Isolated fetal cardiac tissue has a lower threshold of response to the inotropic effects of norepinephrine than adult cardiac tissue and is more sensitive to norepinephrine throughout the dose-response curves. Because isoproterenol, a direct β-adrenergic agonist that is not taken up and stored in sympathetic nerves, has similar effects on fetal and adult myocardium, the supersensitivity of fetal myocardium to norepinephrine is probably the result of incomplete development of sympathetic innervation in fetal myocardium. Myocardial concentrations of norepinephrine in the fetus within several weeks of term are significantly lower than those in newborn animals, and activity of tyrosine hydroxylase, the intraneuronal enzyme responsible for the first transformation in catecholamine biosynthesis, is also reduced. In contrast, adrenal gland tyrosine hydroxylase activity at the same gestational age is not suppressed, possibly because the decrease in myocardial activity is related to delayed sympathetic innervation rather than to a generalized immaturity.

Monoamine oxidase, the enzyme responsible for oxidative deamination of norepinephrine, is also present in lower concentrations in the fetal heart than in the adult. Histochemical evaluation of the development of sympathetic innervation using the monoamine fluorescence technique has further substantiated the delayed development of sympathetic innervation of the fetal myocardium. At term, sympathetic innervation is incomplete. Patterns of staining indicate a progression of innervation, starting at the area of the sinoatrial node and progressing toward the left ventricular apex. ^,

Although sympathetic nervous innervation appears to begin developing in the fetal heart by about 0.55 of term, β-adrenergic receptors seem to be present much earlier and can be stimulated by appropriate agonists before 0.4 of term. Before about 0.55 of term (80 days of gestation in the lamb), fetal myocardium may be affected by circulating catecholamines, but local reflex activity through the sympathetic nervous system is not likely to play a major role in circulatory regulation.

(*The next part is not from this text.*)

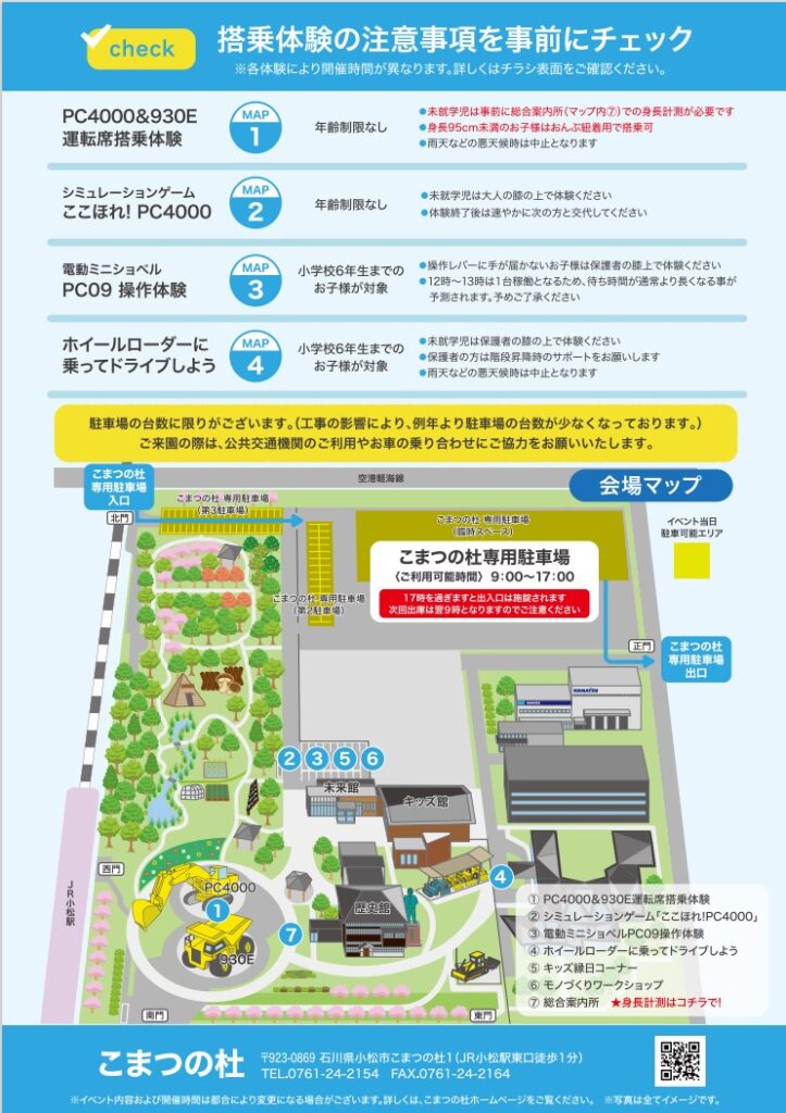 *「①PC4000&930E運転席搭乗体験」および「④ホイールローダーに乗ってドライブしよう!」は雨天中止となります。予めご了承ください。

Vagal stimulation at about 0.85 of term produces bradycardia. Administration of atropine at 0.55 of term produces a modest increase in fetal heart rate, indicating that vagal innervation is present by this stage of development. Histochemical staining for acetylcholinesterase in close-to-term fetuses has shown that the concentrations of this enzyme, which is responsible for metabolism of acetylcholine, are similar to concentrations found in adults.